**WORK INSTRUCTIONS**
Please retype the records below exactly, leaving out any pictures.

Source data
>>>
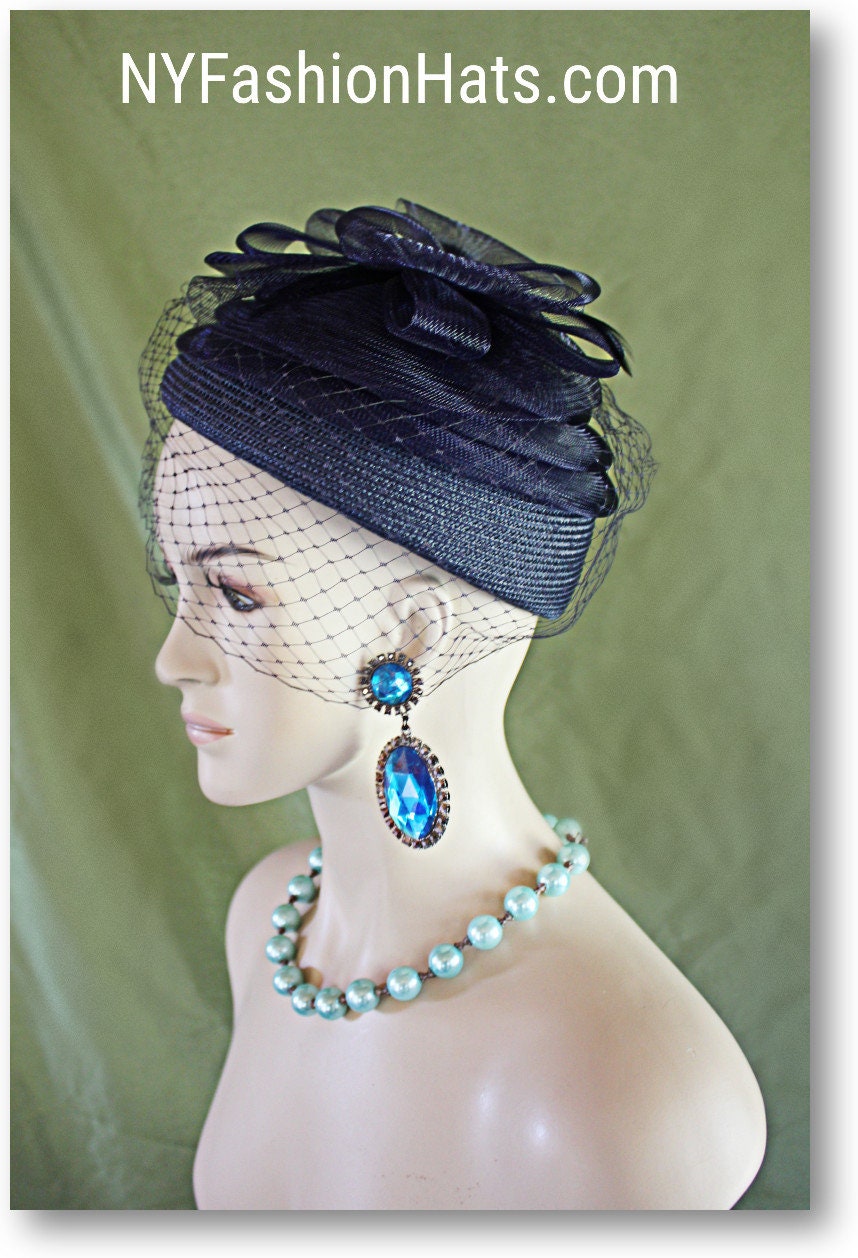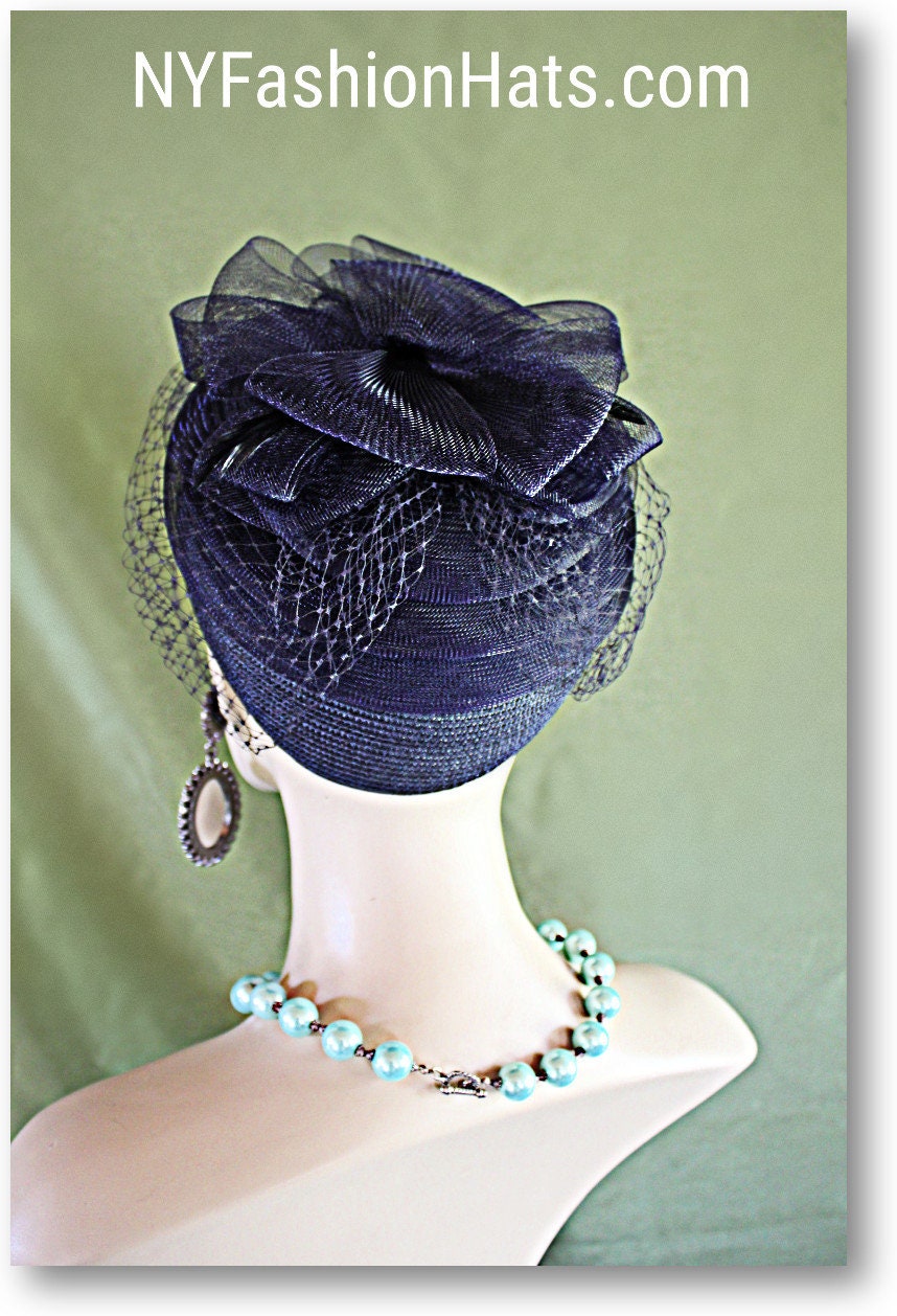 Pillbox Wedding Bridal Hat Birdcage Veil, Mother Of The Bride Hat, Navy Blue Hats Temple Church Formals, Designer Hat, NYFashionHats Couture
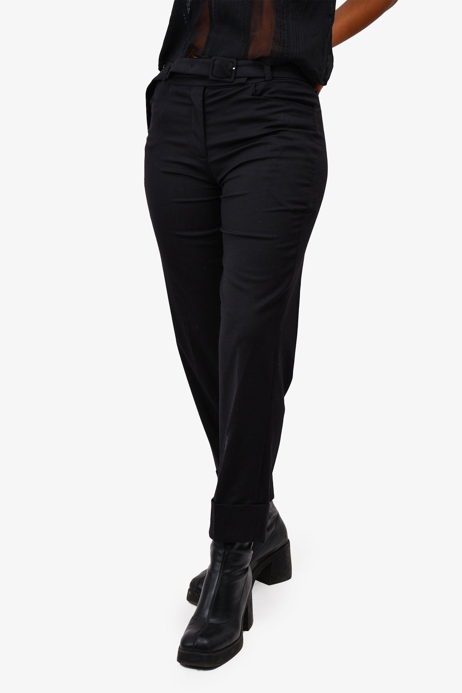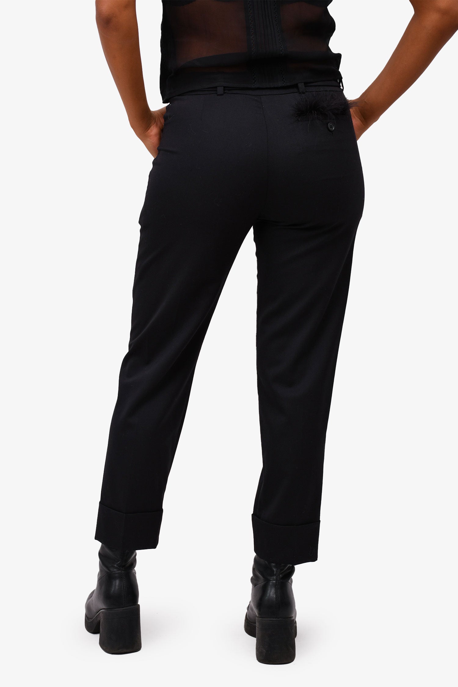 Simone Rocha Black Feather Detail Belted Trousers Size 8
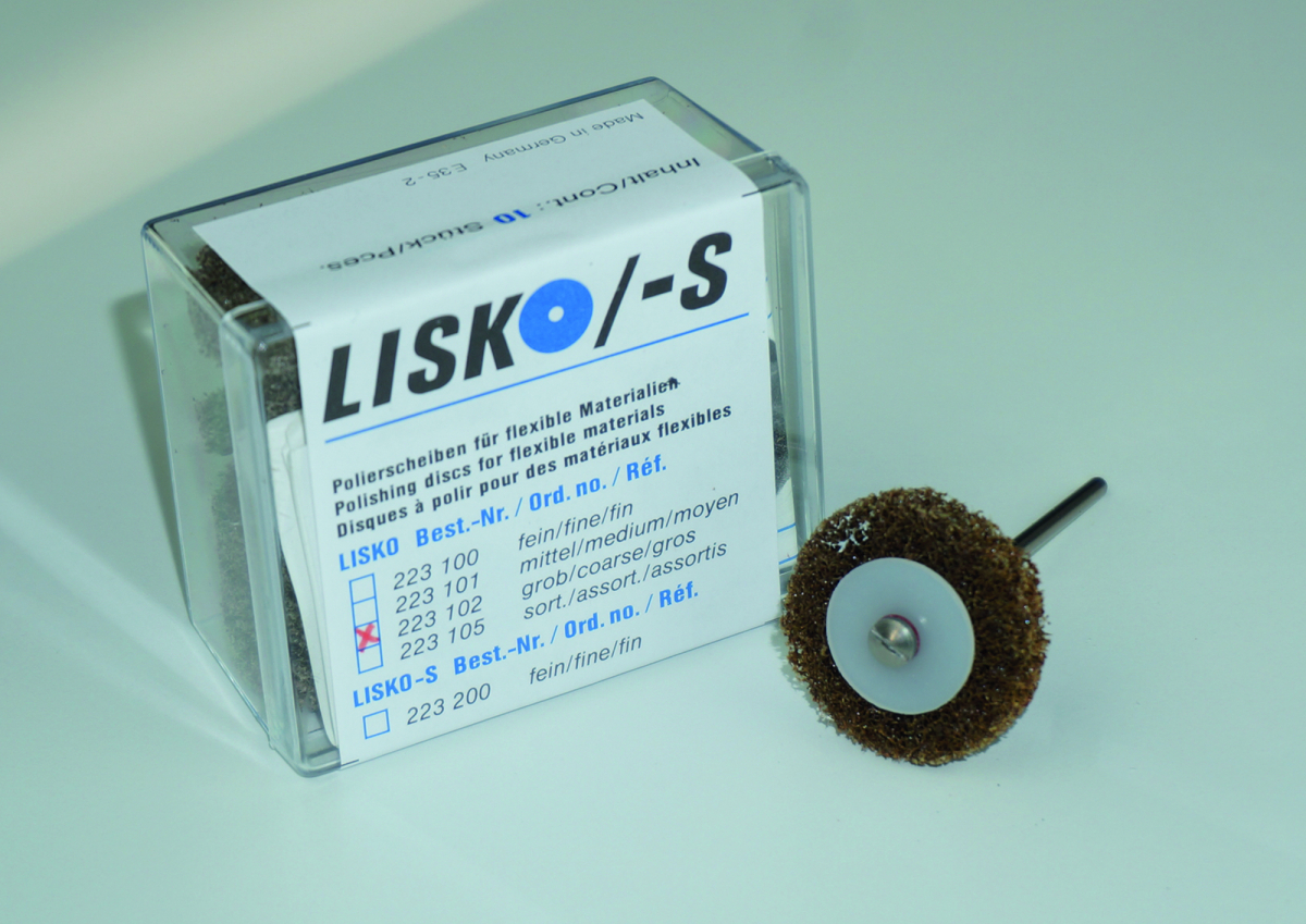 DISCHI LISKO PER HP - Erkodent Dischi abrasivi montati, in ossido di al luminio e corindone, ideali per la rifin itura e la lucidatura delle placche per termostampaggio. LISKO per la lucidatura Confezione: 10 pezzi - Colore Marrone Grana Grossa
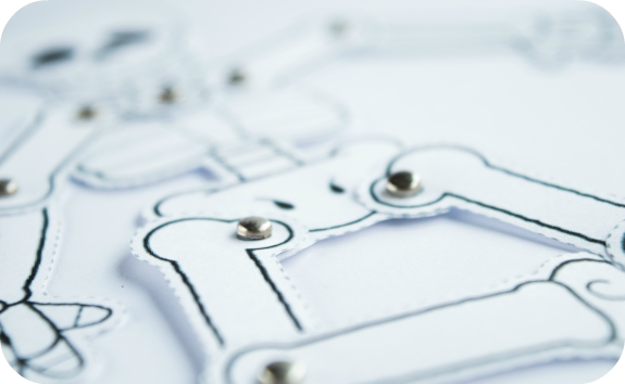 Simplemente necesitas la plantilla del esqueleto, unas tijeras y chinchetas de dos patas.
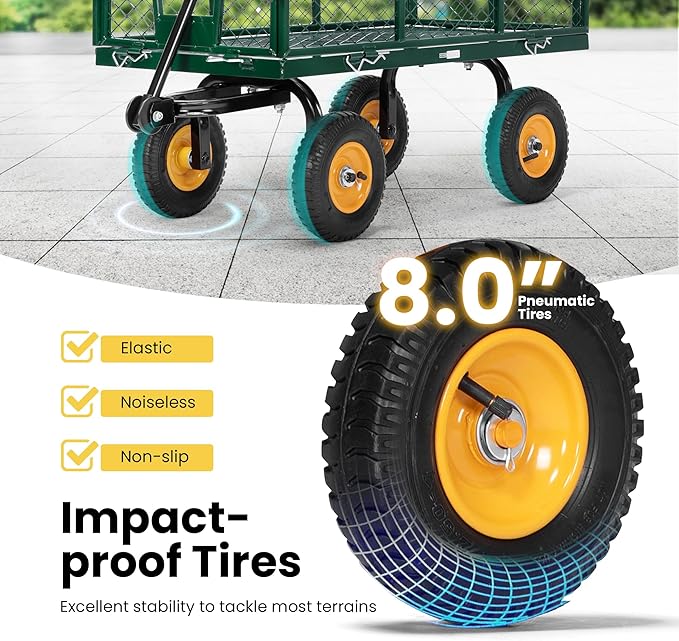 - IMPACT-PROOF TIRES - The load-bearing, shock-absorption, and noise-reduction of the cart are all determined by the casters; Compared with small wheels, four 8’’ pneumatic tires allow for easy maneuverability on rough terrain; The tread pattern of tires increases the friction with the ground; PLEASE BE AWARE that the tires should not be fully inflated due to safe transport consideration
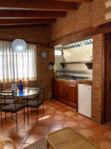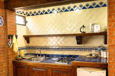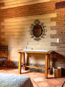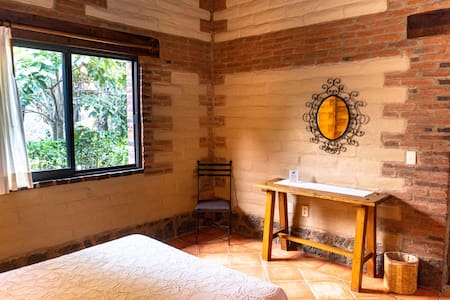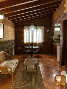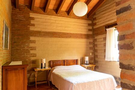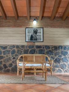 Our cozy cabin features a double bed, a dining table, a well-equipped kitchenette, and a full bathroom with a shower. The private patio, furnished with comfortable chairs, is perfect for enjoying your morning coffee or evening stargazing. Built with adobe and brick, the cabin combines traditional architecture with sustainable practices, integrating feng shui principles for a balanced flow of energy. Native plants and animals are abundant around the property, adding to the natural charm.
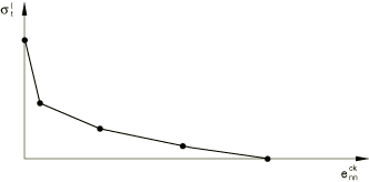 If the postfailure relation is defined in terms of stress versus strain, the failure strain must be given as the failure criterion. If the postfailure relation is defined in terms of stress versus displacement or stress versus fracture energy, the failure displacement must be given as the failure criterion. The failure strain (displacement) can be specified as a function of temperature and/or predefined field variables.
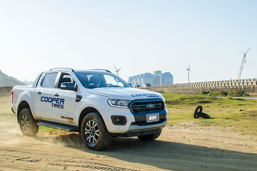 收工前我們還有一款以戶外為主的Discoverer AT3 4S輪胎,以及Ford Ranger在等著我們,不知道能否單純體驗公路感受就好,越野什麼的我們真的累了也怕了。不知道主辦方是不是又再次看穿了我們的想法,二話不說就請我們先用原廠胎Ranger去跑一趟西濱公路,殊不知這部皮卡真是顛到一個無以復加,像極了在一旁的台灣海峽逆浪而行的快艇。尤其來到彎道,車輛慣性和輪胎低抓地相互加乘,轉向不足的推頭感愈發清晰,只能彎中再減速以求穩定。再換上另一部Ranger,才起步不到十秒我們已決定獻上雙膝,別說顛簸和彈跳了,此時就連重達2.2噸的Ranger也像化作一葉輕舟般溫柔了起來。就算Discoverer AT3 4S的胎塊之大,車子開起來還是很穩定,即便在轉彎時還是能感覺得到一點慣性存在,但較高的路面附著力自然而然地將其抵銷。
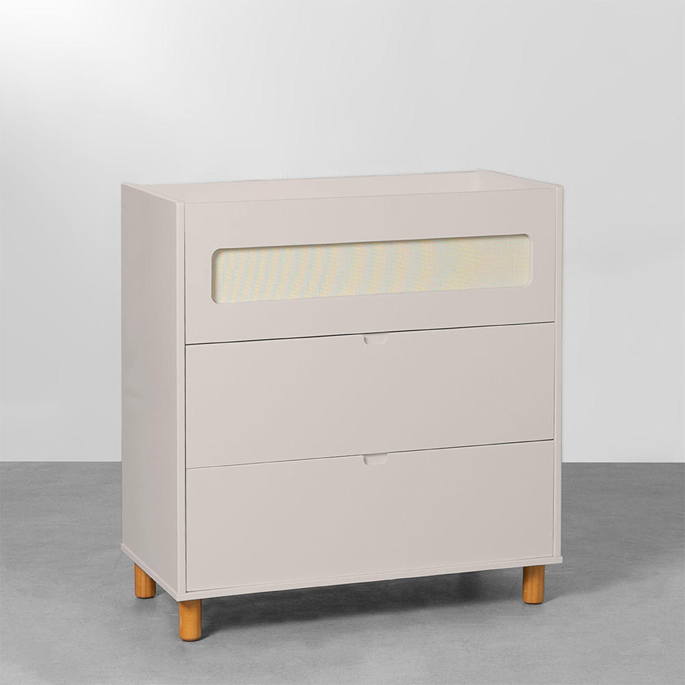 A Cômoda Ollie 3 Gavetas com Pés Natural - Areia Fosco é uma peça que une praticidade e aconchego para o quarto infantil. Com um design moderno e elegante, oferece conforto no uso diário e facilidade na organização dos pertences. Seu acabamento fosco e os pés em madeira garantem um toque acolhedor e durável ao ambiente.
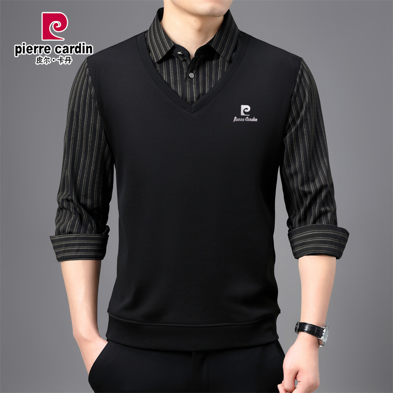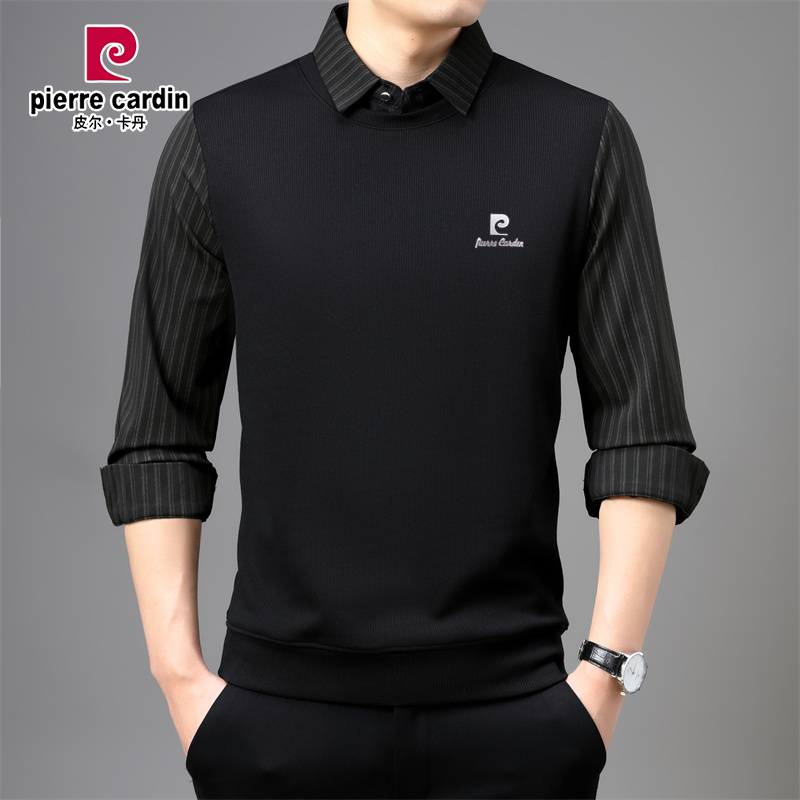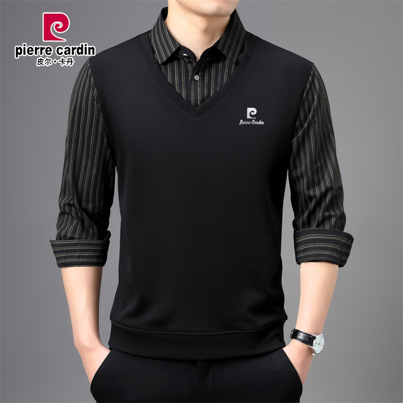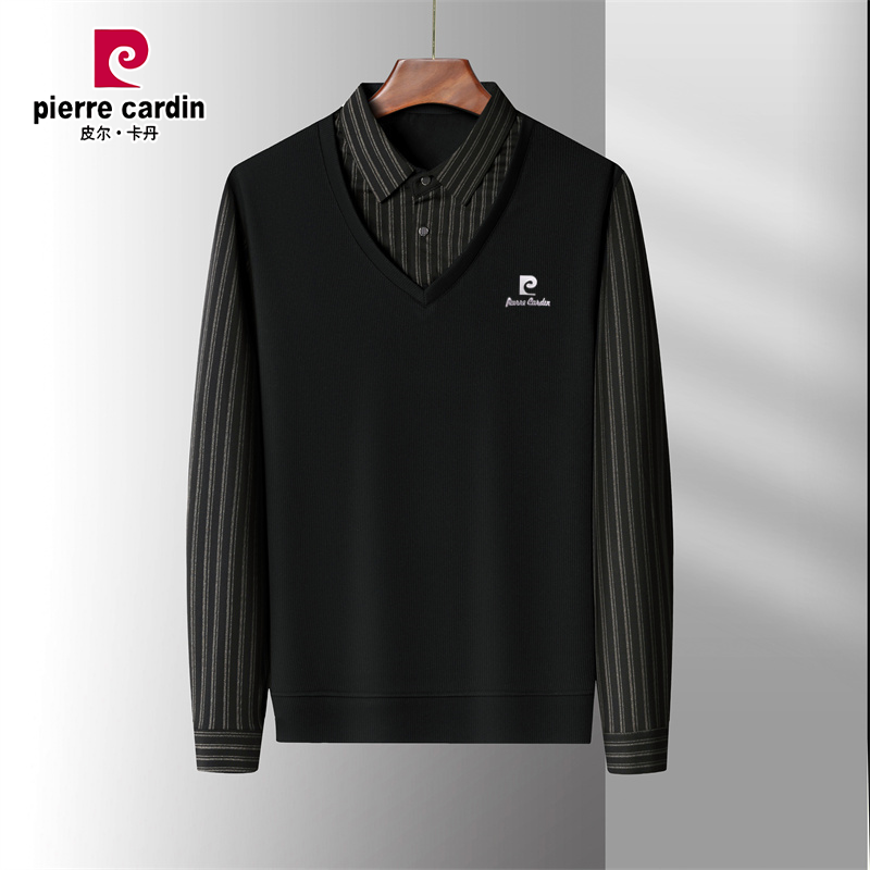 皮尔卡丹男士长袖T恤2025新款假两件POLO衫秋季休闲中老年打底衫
<<<
**RESPONSE AREA**
 Pillbox Wedding Bridal Hat Birdcage Veil, Mother Of The Bride Hat, Navy Blue Hats Temple Church Formals, Designer Hat, NYFashionHats Couture
 Simone Rocha Black Feather Detail Belted Trousers Size 8
 DISCHI LISKO PER HP - Erkodent Dischi abrasivi montati, in ossido di al luminio e corindone, ideali per la rifin itura e la lucidatura delle placche per termostampaggio. LISKO per la lucidatura Confezione: 10 pezzi - Colore Marrone Grana Grossa
 Simplemente necesitas la plantilla del esqueleto, unas tijeras y chinchetas de dos patas.
 - IMPACT-PROOF TIRES - The load-bearing, shock-absorption, and noise-reduction of the cart are all determined by the casters; Compared with small wheels, four 8’’ pneumatic tires allow for easy maneuverability on rough terrain; The tread pattern of tires increases the friction with the ground; PLEASE BE AWARE that the tires should not be fully inflated due to safe transport consideration
 Our cozy cabin features a double bed, a dining table, a well-equipped kitchenette, and a full bathroom with a shower. The private patio, furnished with comfortable chairs, is perfect for enjoying your morning coffee or evening stargazing. Built with adobe and brick, the cabin combines traditional architecture with sustainable practices, integrating feng shui principles for a balanced flow of energy. Native plants and animals are abundant around the property, adding to the natural charm.
 If the postfailure relation is defined in terms of stress versus strain, the failure strain must be given as the failure criterion. If the postfailure relation is defined in terms of stress versus displacement or stress versus fracture energy, the failure displacement must be given as the failure criterion. The failure strain (displacement) can be specified as a function of temperature and/or predefined field variables.
 收工前我們還有一款以戶外為主的Discoverer AT3 4S輪胎,以及Ford Ranger在等著我們,不知道能否單純體驗公路感受就好,越野什麼的我們真的累了也怕了。不知道主辦方是不是又再次看穿了我們的想法,二話不說就請我們先用原廠胎Ranger去跑一趟西濱公路,殊不知這部皮卡真是顛到一個無以復加,像極了在一旁的台灣海峽逆浪而行的快艇。尤其來到彎道,車輛慣性和輪胎低抓地相互加乘,轉向不足的推頭感愈發清晰,只能彎中再減速以求穩定。再換上另一部Ranger,才起步不到十秒我們已決定獻上雙膝,別說顛簸和彈跳了,此時就連重達2.2噸的Ranger也像化作一葉輕舟般溫柔了起來。就算Discoverer AT3 4S的胎塊之大,車子開起來還是很穩定,即便在轉彎時還是能感覺得到一點慣性存在,但較高的路面附著力自然而然地將其抵銷。
 A Cômoda Ollie 3 Gavetas com Pés Natural - Areia Fosco é uma peça que une praticidade e aconchego para o quarto infantil. Com um design moderno e elegante, oferece conforto no uso diário e facilidade na organização dos pertences. Seu acabamento fosco e os pés em madeira garantem um toque acolhedor e durável ao ambiente.
 皮尔卡丹男士长袖T恤2025新款假两件POLO衫秋季休闲中老年打底衫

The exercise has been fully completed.